UCO has higher volatility (18.06%) compared to WXET (11.79%). In terms of maximum drawdown, WXET dropped -48.31% vs UCO's -99.86%.
On 1-year performance, UCO leads with 53.08% vs -7.86% for WXET. Both ETFs have the same 0.95% expense ratio. On volatility, WXET has been the lower-risk option at 11.79%. The better choice depends on whether you care most about return, fees, risk, or income.
Over the 1-year period, UCO has performed better with a 53.08% return vs -7.86%. Past performance does not guarantee future results, so compare this with risk, fees, and fund exposure.

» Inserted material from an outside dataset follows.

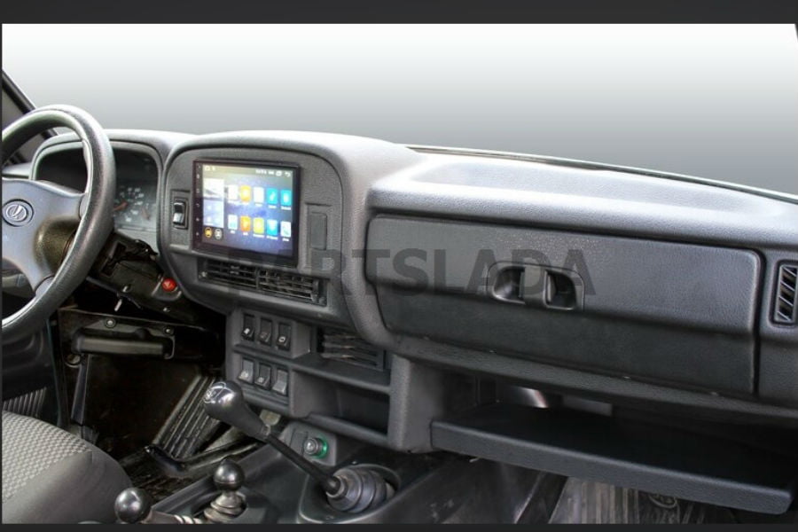 Το site Partslada.com έχει τη λύση, με ένα ολοκληρωμένο σύστημα πολυμέσων που μπορεί να τοποθετηθεί στο ταμπλό του Niva! Προσφέρει τις περισσότερες σύγχρονες δυνατότητες, όπως Bluetooth, σύνδεση με smartphone, αναπαραγωγή μουσικών αρχείων και πραγματοποίηση τηλεφωνικής κλήσης, όμως δεν αποσαφηνίζεται αν διαθέτει λειτουργίες Android Auto και Apple CarPlay. Για να μπορεί να συνδεθεί με smartphone, πάντως, θεωρείται πολύ πιθανό να διαθέτει το πρώτο. Η περιγραφή του ιστότοπου είναι πολύ λιτή και δεν αναφέρει καν τη διάσταση της οθόνης, η οποία δεν πρέπει να υπερβαίνει τις 7 ίντσες. Και πάλι, για τα δεδομένα του Niva μιλάμε για home theater.

WXET and UCO have the same expense ratio: 0.95% per year.
WXET has the higher dividend yield at 1.97%, compared with 0.00% for UCO.
WXET is categorized as Leveraged Commodities, while UCO is Oil & Gas. They also come from different issuers: Teucrium and ProShares.
UCO currently has the higher Sharpe Ratio (0.95 vs -0.16), meaning it's delivered slightly more return per unit of risk over the trailing 12 months. However, this ranking shifts over time - use the Risk/Return Score above for a more comprehensive view that combines Sharpe, Sortino, and other measures used by quantitative funds.